How to complete this task -
When the line containing "主持人:也就是說,接下來的1" appears in the data below, begin copying there and stop only after the line containing "Karawang – Rekrutmen".

Supplied entries -
Content starts

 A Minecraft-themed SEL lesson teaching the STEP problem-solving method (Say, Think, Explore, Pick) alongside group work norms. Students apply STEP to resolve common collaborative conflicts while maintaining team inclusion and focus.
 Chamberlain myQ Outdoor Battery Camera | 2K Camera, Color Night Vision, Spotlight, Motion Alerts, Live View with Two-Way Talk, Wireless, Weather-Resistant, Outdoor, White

Content ends
Content starts

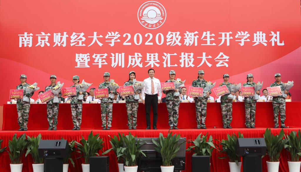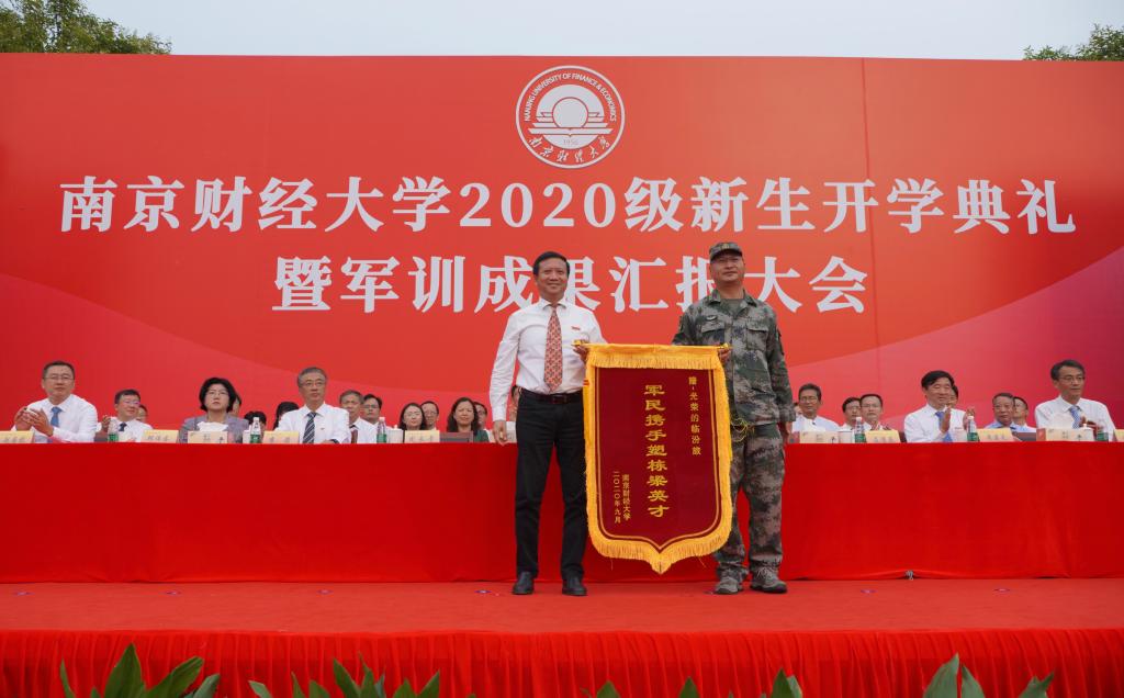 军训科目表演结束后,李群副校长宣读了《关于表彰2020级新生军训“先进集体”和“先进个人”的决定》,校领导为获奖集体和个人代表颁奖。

Content ends
Content starts

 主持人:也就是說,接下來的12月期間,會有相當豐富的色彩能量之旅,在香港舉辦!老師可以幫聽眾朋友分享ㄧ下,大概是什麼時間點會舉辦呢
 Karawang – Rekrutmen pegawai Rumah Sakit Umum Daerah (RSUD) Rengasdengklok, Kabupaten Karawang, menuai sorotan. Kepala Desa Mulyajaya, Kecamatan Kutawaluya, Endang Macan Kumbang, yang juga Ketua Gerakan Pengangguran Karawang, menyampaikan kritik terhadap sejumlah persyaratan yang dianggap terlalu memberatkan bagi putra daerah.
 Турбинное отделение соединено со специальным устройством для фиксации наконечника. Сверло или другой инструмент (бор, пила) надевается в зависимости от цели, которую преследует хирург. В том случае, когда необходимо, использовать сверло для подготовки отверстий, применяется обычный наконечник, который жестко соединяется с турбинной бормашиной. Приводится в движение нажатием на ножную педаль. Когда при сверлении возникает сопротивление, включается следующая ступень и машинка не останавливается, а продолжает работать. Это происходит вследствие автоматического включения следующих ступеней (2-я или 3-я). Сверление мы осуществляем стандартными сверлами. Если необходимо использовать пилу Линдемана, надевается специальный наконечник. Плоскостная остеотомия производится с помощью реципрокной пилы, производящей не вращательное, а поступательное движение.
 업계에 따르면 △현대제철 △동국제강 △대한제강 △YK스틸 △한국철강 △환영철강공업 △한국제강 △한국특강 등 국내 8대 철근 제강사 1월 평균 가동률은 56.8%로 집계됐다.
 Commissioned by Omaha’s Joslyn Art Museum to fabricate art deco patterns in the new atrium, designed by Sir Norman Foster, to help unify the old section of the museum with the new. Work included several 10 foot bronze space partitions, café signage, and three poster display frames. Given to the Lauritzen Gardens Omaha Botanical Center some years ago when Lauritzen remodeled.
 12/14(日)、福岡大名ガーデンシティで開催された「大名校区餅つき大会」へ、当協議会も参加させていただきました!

Content ends

Response to the task -
 主持人:也就是說,接下來的12月期間,會有相當豐富的色彩能量之旅,在香港舉辦!老師可以幫聽眾朋友分享ㄧ下,大概是什麼時間點會舉辦呢
 Karawang – Rekrutmen pegawai Rumah Sakit Umum Daerah (RSUD) Rengasdengklok, Kabupaten Karawang, menuai sorotan. Kepala Desa Mulyajaya, Kecamatan Kutawaluya, Endang Macan Kumbang, yang juga Ketua Gerakan Pengangguran Karawang, menyampaikan kritik terhadap sejumlah persyaratan yang dianggap terlalu memberatkan bagi putra daerah.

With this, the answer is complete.